Split column in Pandas info frame and get part of it



We can use the Pandas .str accessor , it does fast vectorized string operations on Series and Dataframes and returns a string object. The Pandas str accessor has a number of useful methods, and one of them —  str.split , it can be used with split to get the part of the string you want. To get the n- ю part of a string, first split the column by delimiter and reapply str [n-1] to the returned object, i.e. …  Dataframe.columnName.str.split () .str [n-1] .

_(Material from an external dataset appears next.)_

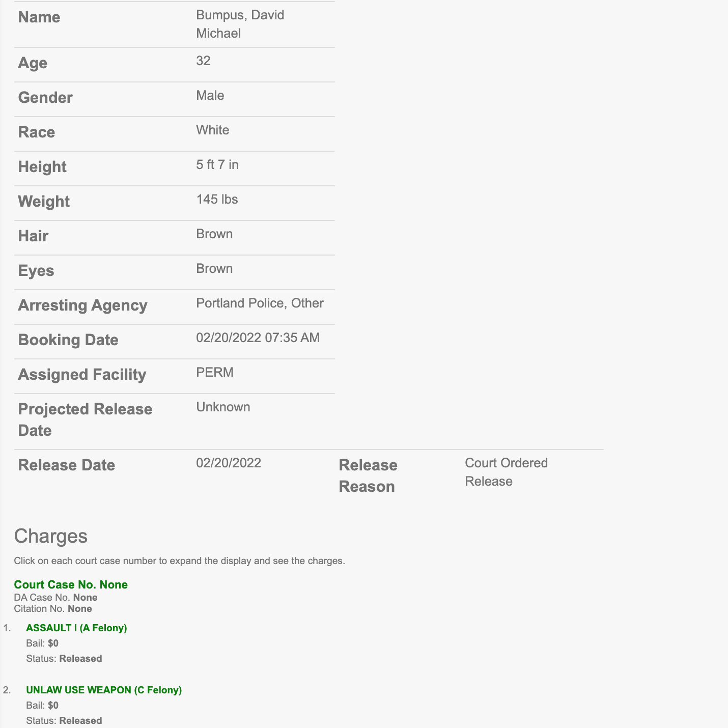 Portland Antifa member who with a mob of other violent antifa -- Dajah Beck ( https://antifawatch.net/ViewReport/1c233b4c ) and Isabel Araujo (https://antifawatch.net/ViewReport/3a0c6862) was running security at a JFPK march. JFPK is known for being a violent event with others attacked and guns pointed at them previously. Arrested for shooting a resident after an altercation of some kind. Charged with Assault I and unlawful use of a weapon. Charges dropped by leftist DA despite "key evidence" having been taken from the crime scene by Antifa. https://www.oregonlive.com/crime/2022/02/portland-police-confirm-identity-of-alleged-gunman-in-normandale-park-shooting.html https://www.linkedin.com/in/davidbumpusmfa (deleted) https://www.facebook.com/dbumpus1 (deleted) https://oem.adpearance.com/about/us - employed here.

Let`s clarify this with examples.

Code # 1 : Print a split column data object.

import pandas as pd

import numpy as np

df = pd.DataFrame ({ `Geek_ID` : [ `Geek1_id` , ` Geek2_id` , `Geek3_id`

`Geek4_id` , ` Geek5_id` ],

`Geek_A` : [ 1 , 1 , 3 , 2 , 4 ],

`Geek_B` : [ 1 , 2 , 3 , 4 , 6 ],

`Geek_R` : np.random.randn ( 5 )})

  
# Geek_A Geek_B Geek_ID Geek_R
# 0 1 1 Geek1_id random number
# 1 1 2 Geek2_id random number
# 2 3 3 Geek3_id random number
# 3 2 4 Geek4_id random number
# 4 4 6 Geek5_id random number

 

print (df.Geek_ID. str . split ( `_` ). str [ 0 ])

Output:

 0 Geek1 1 Geek2 2 Geek3 3 Geek4 4 Geek5 dtype: object 

Code # 2: Print refund list enclosed object data.

import pandas as pd

import numpy as np

df = pd.DataFrame ({ `Geek_ID` : [ `Geek1_id` , ` Geek2_id` , `Geek3_id` ,

`Geek4_id` , ` Geek5_id` ],

`Geek_A` : [ 1 , 1 , 3 , 2 , 4 ],

`Geek_B` : [ 1 , 2 , 3 , 4 , 6 ],

`Geek_R` : np.random.randn ( 5 )})

 
# Geek_A Geek_B Geek_ID Geek_R
# 0 1 1 Geek1_id random h islo
# 1 1 2 Geek2_id random number
# 2 3 3 Geek3_id random number
# 3 2 4 Geek4_id random number
# 4 4 6 Geek5_id random number

 

print (df.Geek_ID. str . split ( `_` ). str [ 0 ]. tolist ())

Exit:

 [`Geek1`,` Geek2`, `Geek3`,` Geek4`, `Geek5`] 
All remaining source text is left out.